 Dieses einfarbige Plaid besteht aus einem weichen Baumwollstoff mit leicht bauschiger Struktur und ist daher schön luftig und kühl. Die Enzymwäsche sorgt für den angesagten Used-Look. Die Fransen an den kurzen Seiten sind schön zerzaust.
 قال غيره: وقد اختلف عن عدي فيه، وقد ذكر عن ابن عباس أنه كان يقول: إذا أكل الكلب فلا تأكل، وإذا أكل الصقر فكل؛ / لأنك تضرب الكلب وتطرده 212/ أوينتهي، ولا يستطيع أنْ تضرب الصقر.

● ● ●

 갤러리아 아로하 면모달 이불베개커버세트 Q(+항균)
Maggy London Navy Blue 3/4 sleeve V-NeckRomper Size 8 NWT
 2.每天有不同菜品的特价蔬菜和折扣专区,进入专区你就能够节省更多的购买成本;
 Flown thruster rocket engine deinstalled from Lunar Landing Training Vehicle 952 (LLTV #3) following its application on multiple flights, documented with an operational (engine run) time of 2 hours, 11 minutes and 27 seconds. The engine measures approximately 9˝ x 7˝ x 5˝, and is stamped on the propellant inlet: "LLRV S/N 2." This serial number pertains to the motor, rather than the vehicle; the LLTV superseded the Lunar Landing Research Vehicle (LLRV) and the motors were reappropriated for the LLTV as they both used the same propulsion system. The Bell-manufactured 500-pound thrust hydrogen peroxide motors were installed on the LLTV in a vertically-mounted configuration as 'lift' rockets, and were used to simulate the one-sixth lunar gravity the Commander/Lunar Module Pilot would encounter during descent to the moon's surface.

● ● ●

• WORK INSTRUCTION: What are the lines, exactly as written above, from the line with "갤러리아 아로하 면모달 이불베개커버세트 Q(+항균)" to the line with "Flown thruster rocket", both included? Output only those.

• PROBLEM SOLUTION:
 갤러리아 아로하 면모달 이불베개커버세트 Q(+항균)
Maggy London Navy Blue 3/4 sleeve V-NeckRomper Size 8 NWT
 2.每天有不同菜品的特价蔬菜和折扣专区,进入专区你就能够节省更多的购买成本;
 Flown thruster rocket engine deinstalled from Lunar Landing Training Vehicle 952 (LLTV #3) following its application on multiple flights, documented with an operational (engine run) time of 2 hours, 11 minutes and 27 seconds. The engine measures approximately 9˝ x 7˝ x 5˝, and is stamped on the propellant inlet: "LLRV S/N 2." This serial number pertains to the motor, rather than the vehicle; the LLTV superseded the Lunar Landing Research Vehicle (LLRV) and the motors were reappropriated for the LLTV as they both used the same propulsion system. The Bell-manufactured 500-pound thrust hydrogen peroxide motors were installed on the LLTV in a vertically-mounted configuration as 'lift' rockets, and were used to simulate the one-sixth lunar gravity the Commander/Lunar Module Pilot would encounter during descent to the moon's surface.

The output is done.